__Recorded data__.
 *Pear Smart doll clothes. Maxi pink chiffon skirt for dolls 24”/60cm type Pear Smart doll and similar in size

==

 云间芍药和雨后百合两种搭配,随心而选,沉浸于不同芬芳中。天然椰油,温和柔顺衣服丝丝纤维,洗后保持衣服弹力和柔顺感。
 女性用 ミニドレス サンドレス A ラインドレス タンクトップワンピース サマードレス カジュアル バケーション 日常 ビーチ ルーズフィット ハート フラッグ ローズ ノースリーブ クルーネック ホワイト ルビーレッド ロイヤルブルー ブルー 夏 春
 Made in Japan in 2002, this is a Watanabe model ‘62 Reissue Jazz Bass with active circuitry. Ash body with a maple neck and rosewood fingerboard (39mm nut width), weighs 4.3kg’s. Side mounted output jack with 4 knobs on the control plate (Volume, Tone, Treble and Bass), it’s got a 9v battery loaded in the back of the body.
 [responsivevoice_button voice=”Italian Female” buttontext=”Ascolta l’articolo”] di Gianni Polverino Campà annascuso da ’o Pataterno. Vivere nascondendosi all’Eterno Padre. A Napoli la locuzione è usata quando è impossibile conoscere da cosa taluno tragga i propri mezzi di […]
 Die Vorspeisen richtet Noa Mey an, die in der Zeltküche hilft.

__Problem details__. Give back exactly the lines of the listing above that run from the line with "mezzi di […]" to the line with "Die Vorspeisen richtet", inclusive.

__Response box__.
 [responsivevoice_button voice=”Italian Female” buttontext=”Ascolta l’articolo”] di Gianni Polverino Campà annascuso da ’o Pataterno. Vivere nascondendosi all’Eterno Padre. A Napoli la locuzione è usata quando è impossibile conoscere da cosa taluno tragga i propri mezzi di […]
 Die Vorspeisen richtet Noa Mey an, die in der Zeltküche hilft.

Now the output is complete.